Well technically it impossible to fit 5 people together. Seats are 2+2 in a single row. If you book as a group you should be able to see everyone. They maybe in three rows on one side, or two rows across from each other. The key is booking together and ask the conductor, or coach car attendant if there a special space they want you to seat. (Group of 5 Sir, anywhere special?) With your children age, I would not worry about it. The day after New Years Eve does not strike me as a busy day for north bound traffic. Should it be completely full you can ask for help in getting two seats together near each other. I travel single normally and hop seats on a regular basis when in coach, some times by request from the Staff, other time because I see the issues and give up the seat for a couple or group.

South bound they assign you to a certain coach to seat in with the other “shorts” arrive early is helpful.


----------



## Qapla (Aug 2, 2019)

You might also consider that, even if you cannot sit completely together, you will probably not get spread out ... and, after you get settled in, you might try going to the lounge car where the tables seat four - you might be able to fit five in there.

We recently rode the Star from PAK to TPA and rode most of the way in lounge ... the seats are comfortable if you don't plan to sleep.


----------



## Anderson (Aug 2, 2019)

The odds are decent but not 100% that you can end up together out of Richmond. Moreover, there is a _very_ good chance that even if you are not initially seated together, you'll be able to move to be together after Washington. There should be at least one cluster of 6+ seats that will open up between ALX and WAS due to disembarking pax (since the train is discharge-only from there onwards).


----------



## Bryan (Aug 2, 2019)

Thanks, everyone!

That's all good information. 

It'll be a new experience and a nice adventure for them.
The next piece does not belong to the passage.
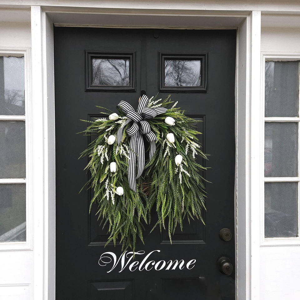 พวงหรีดใบต้นหลิวดอกทิวลิปคริสต์มาสสำหรับตกแต่งประตู

It may be a couple of hours longer than flying, but it's way more appealing to me with all the waiting, pat-downs, shoe removal, belt removal, and cramped quarters of air travel now. 

I love history, and these long haul trains are probably the closest thing that still exists of the best of travel modes in the first half of the 20th century, not to mention the connection with interesting films of that era like North by Northwest.

Thanks again for sharing!


----------



## OBS (Aug 3, 2019)

pennyk said:


> Are or will all 5 of you be on the same reservation? That will help since the crew will know that a group will be boarding. Sometimes attendants reserve blocks of seats for families.
> Since I have never boarded the Star in Richmond, I cannot speak to the availability at that station.


Actually, the manifest does not normally reflect that. The best way to do it is call Amtrak and have them add a Special Service Request (SSR) to the reservation indicating family of 5 wishes to sit together. That is only way crew will know...


----------



## me_little_me (Aug 4, 2019)

In the old days, the conductor would move people for groups and kick individuals out of seats reserved for two or four. My last experience on the Carolinian was that they don't much care. So sad.


----------